INPUT MATERIAL:
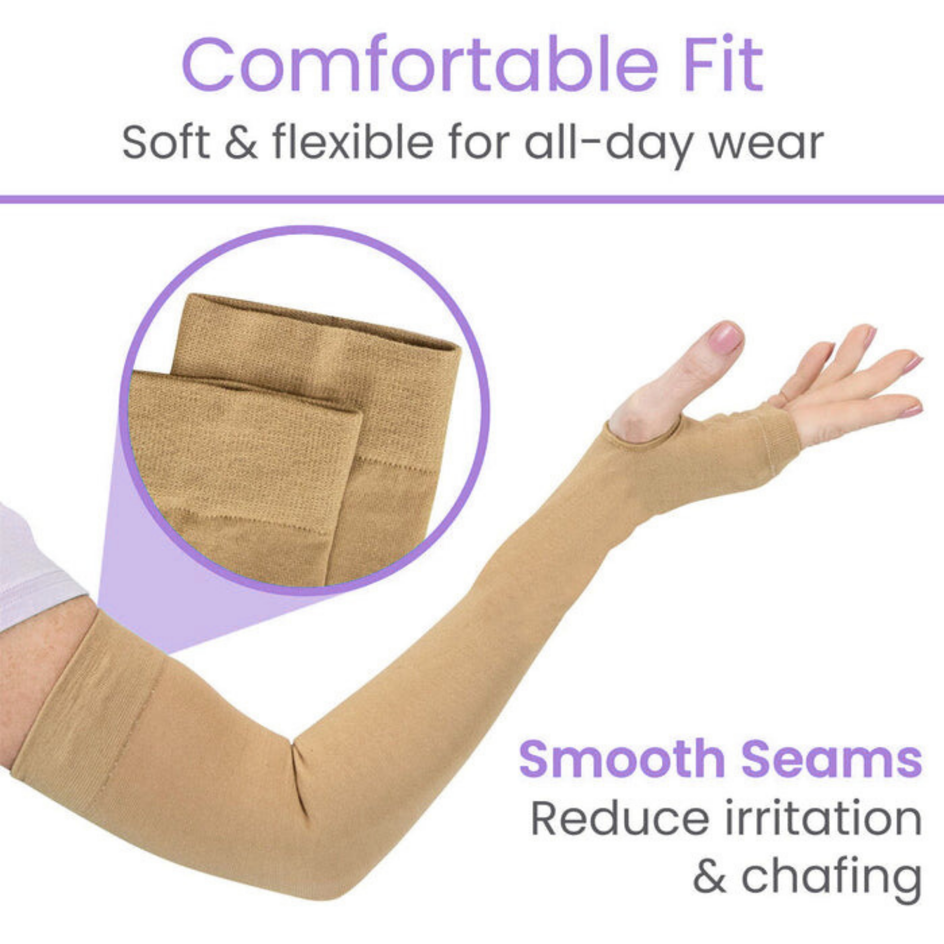 All-Day Comfort DesignSeamless arm construction and cushioned palm coverage provide exceptional comfort during extended wear. Breathable fabric technology keeps arms cool and dry throughout your daily routine. Soft-touch materials feel gentle against sensitive skin while maintaining prescribed compression levels.
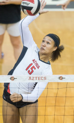 Aztec volleyball player sets school hitting percentage record Source: goaztecs.com pres release Photo courtesy goaztecs.com September 19, 2016 (San Diego) – San Diego State middle blocker Deja Harris has earned Mountain West Women’s Volleyball Offensive Player of the Week honors for matches played through Sunday, September 18, 2016. It is the first Conference weekly award of Harris’ career. A sophomore from Las Vegas, Nev. (Calvary Chapel HS), she led San Diego State to a 3-0 week in the SDSU/USD California Mixer. Along the way she set an SDSU school record with a.909 hitting percentage in the victory over Cal State Fullerton on Saturday. Harris averaged 3.11 kills with a .545 attack percentage over nine sets this past weekend. The kill average was her best over a weekend this season. Harris posted seven kills and a .357 attack percentage in a 3-0 win against UC Santa Barbara. She also had five block assists. In the 3-0 victory against Long Beach State, she tallied 11 kills and one dig with a .474 attack percentage. In addition to her school-record hitting mark vs. Cal State Fullerton, she also finished 10 kills and three block assists in the 3-0 win versus the Titans. After her performance over the weekend, Harris improved her season hitting percentage to .431, a mark which leads the Mountain West entering this week’s play. San Diego State continues its current five-match home stand when it hosts No.19 University of San Diego for a match on Tuesday, Sept. 20, at 6:00 p.m. on Aztec Court.
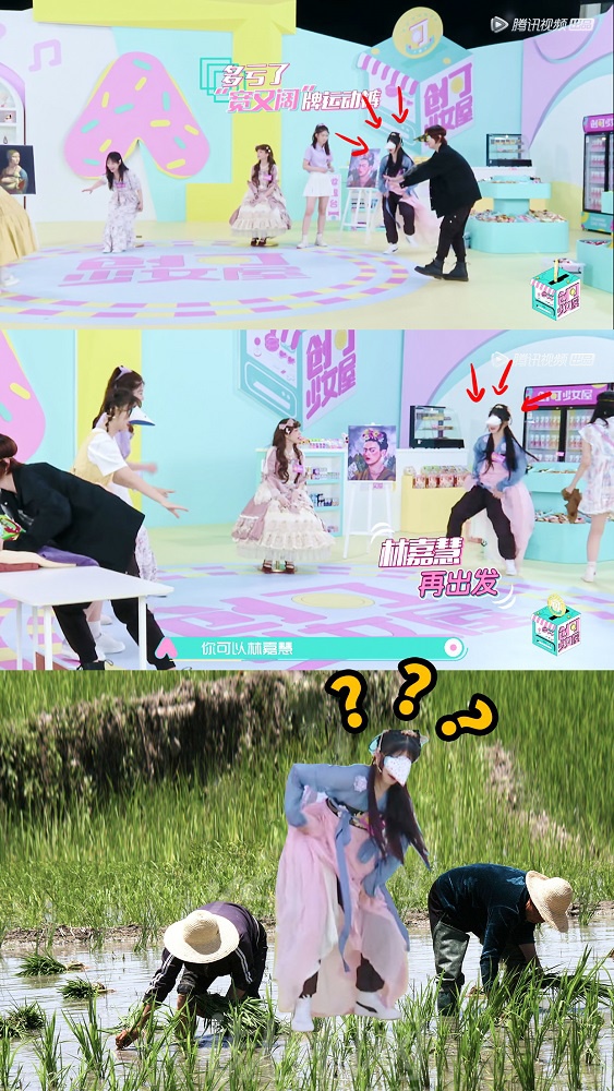 和公司一贯的国风文化相通,林嘉慧也是个汉服少女,中她穿汉服亮相十分吸睛。但令人没想到的是,一边是温柔灵动的汉服少女,一边是玩起游戏来撩起裙摆露出运动裤的“怪力少女”,甚至被娱乐博主P成了老汉插秧的图片,成为创造营靠喜感出圈第一人。
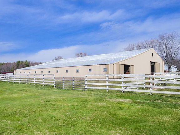 This equestrian property has everything you need for a private facility or a great setting to start or move your existing horse business. Privately owned now it has been lovingly taken care for, has level property 18 box stalls that flank the indoor arena. An outside ring, pastures, paddocks, parking and room to grow on 25 acres. The 1800 sf 3 bedroom residence offers one level living, updated granite countertops, an open floorpan, hardwood floors, valued ceilings in the family room, fireplace, first floor laundry and a finished lower level adding 625 sf. The in ground pool offers a great way to cool off after a good day of riding and training. Located just minutes off I-91 this is a convenient location and easy access to everything.
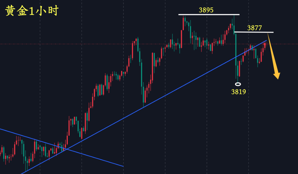 首先今天黄金还是建议不要在高位去追多,前一天在3895高点回落,日线收了一个倒锤线。昨天二次冲击3895高点,形成双顶压制下跌,美盘连阴走弱,最低触及3819,凌晨反弹收复一部分空间,日线收了一个阴十字。

TASK DESCRIPTION: Please transcribe the whole listing above exactly, with the images left out.

EXERCISE SOLUTION:
 All-Day Comfort DesignSeamless arm construction and cushioned palm coverage provide exceptional comfort during extended wear. Breathable fabric technology keeps arms cool and dry throughout your daily routine. Soft-touch materials feel gentle against sensitive skin while maintaining prescribed compression levels.
 Aztec volleyball player sets school hitting percentage record Source: goaztecs.com pres release Photo courtesy goaztecs.com September 19, 2016 (San Diego) – San Diego State middle blocker Deja Harris has earned Mountain West Women’s Volleyball Offensive Player of the Week honors for matches played through Sunday, September 18, 2016. It is the first Conference weekly award of Harris’ career. A sophomore from Las Vegas, Nev. (Calvary Chapel HS), she led San Diego State to a 3-0 week in the SDSU/USD California Mixer. Along the way she set an SDSU school record with a.909 hitting percentage in the victory over Cal State Fullerton on Saturday. Harris averaged 3.11 kills with a .545 attack percentage over nine sets this past weekend. The kill average was her best over a weekend this season. Harris posted seven kills and a .357 attack percentage in a 3-0 win against UC Santa Barbara. She also had five block assists. In the 3-0 victory against Long Beach State, she tallied 11 kills and one dig with a .474 attack percentage. In addition to her school-record hitting mark vs. Cal State Fullerton, she also finished 10 kills and three block assists in the 3-0 win versus the Titans. After her performance over the weekend, Harris improved her season hitting percentage to .431, a mark which leads the Mountain West entering this week’s play. San Diego State continues its current five-match home stand when it hosts No.19 University of San Diego for a match on Tuesday, Sept. 20, at 6:00 p.m. on Aztec Court.
 和公司一贯的国风文化相通,林嘉慧也是个汉服少女,中她穿汉服亮相十分吸睛。但令人没想到的是,一边是温柔灵动的汉服少女,一边是玩起游戏来撩起裙摆露出运动裤的“怪力少女”,甚至被娱乐博主P成了老汉插秧的图片,成为创造营靠喜感出圈第一人。
 This equestrian property has everything you need for a private facility or a great setting to start or move your existing horse business. Privately owned now it has been lovingly taken care for, has level property 18 box stalls that flank the indoor arena. An outside ring, pastures, paddocks, parking and room to grow on 25 acres. The 1800 sf 3 bedroom residence offers one level living, updated granite countertops, an open floorpan, hardwood floors, valued ceilings in the family room, fireplace, first floor laundry and a finished lower level adding 625 sf. The in ground pool offers a great way to cool off after a good day of riding and training. Located just minutes off I-91 this is a convenient location and easy access to everything.
 首先今天黄金还是建议不要在高位去追多,前一天在3895高点回落,日线收了一个倒锤线。昨天二次冲击3895高点,形成双顶压制下跌,美盘连阴走弱,最低触及3819,凌晨反弹收复一部分空间,日线收了一个阴十字。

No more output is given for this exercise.